Bob Godfrey, a research geophysicist with GECO-Prakla, presented a case history of the processing of one dataset from the Canadian foothills where several processing techniques were used in an attempt to image the data. A considerable amount of time was spent on the preprocessing of the dataset, which included Green Mountain refraction statics. A comparison was then shown of the stack with residual statics after both trace-by-trace spiking deconvolution, and after surface-consistent deconvolution. The statics solution in both cases was obtained with a Gauss-Seidel, Wiggins-type residual statics approach. The result with surface-consistent deconvolution showed a considerable improvement over the trace-by-trace result. Next, crooked-line DMO was applied, but the improvement in the stack was only incremental. DMO aided the stacking of some criss-crossing events without destroying the signal-to-noise ratio in most areas. Next, the result after post-stack time migration with an omega-x algorithm, plus some coherency enhancement showed a “reasonably good” final result obtained by normal processing techniques.

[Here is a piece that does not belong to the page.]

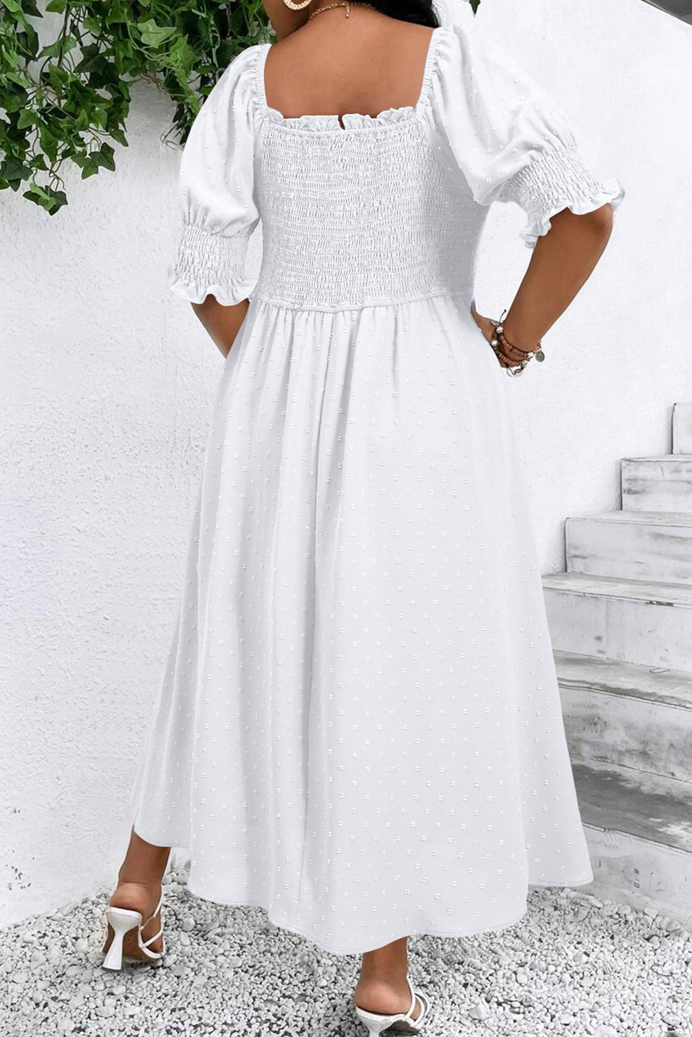 White Swiss Dot Smocked Frilled Neckline Short Sleeve Plus Size Dress

The next approach that was used was to apply prestack time migration using a Kirchhoff algorithm. The approach was to output migrated gathers, which are used for postmigration velocity analysis. The velocities can then be used either for stacking the migrated gathers, or as improved migration velocities for another iteration of prestack time migration. In this case the migration was not repeated. The stack of the migrated gathers showed the wormy appearance that is characteristic of Kirchhoff migration. A maximum migration aperture of 9 km was used. For this dataset the stack after pre-stack time migration showed only marginal improvement over the poststack time migration result.

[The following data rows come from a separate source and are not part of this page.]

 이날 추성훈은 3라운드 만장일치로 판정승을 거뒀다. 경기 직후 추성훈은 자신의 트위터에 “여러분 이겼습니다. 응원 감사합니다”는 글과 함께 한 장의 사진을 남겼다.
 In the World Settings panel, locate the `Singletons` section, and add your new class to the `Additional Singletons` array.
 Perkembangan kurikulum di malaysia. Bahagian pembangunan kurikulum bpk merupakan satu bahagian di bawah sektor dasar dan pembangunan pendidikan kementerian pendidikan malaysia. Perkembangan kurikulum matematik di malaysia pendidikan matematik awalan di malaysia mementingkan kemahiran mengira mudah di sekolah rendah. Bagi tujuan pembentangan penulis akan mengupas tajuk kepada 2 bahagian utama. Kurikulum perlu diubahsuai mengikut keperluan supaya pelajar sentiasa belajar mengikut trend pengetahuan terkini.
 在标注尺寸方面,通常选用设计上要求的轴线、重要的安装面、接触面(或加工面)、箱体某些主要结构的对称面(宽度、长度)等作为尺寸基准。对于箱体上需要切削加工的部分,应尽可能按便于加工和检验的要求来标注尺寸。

At this point, the dataset was processed with prestack depth migration. A Kirchhoff algorithm was used, with the traveltimes calculated with the finite-difference, eikonal equation technique of van Trier. In order to obtain the starting depth model, an image-ray migration of the time model was performed, and this model was then smoothed.

The starting model for this dataset showed large lateral velocity variations from 3000 mls to 6000 m/s. The first prestack depth migration was done with a model derived from the prestack time migration result. The structure in the model was then modified with four iterations with these velocities. At this point the result was given to the interpreter, who modified the velocities, and the migration was performed again. At this point the process was stopped, and poststack depth migration was applied to the final stack obtained by the “normal processing stream” with the model derived from prestack depth migration. The result was degraded by a large number of migration artifacts.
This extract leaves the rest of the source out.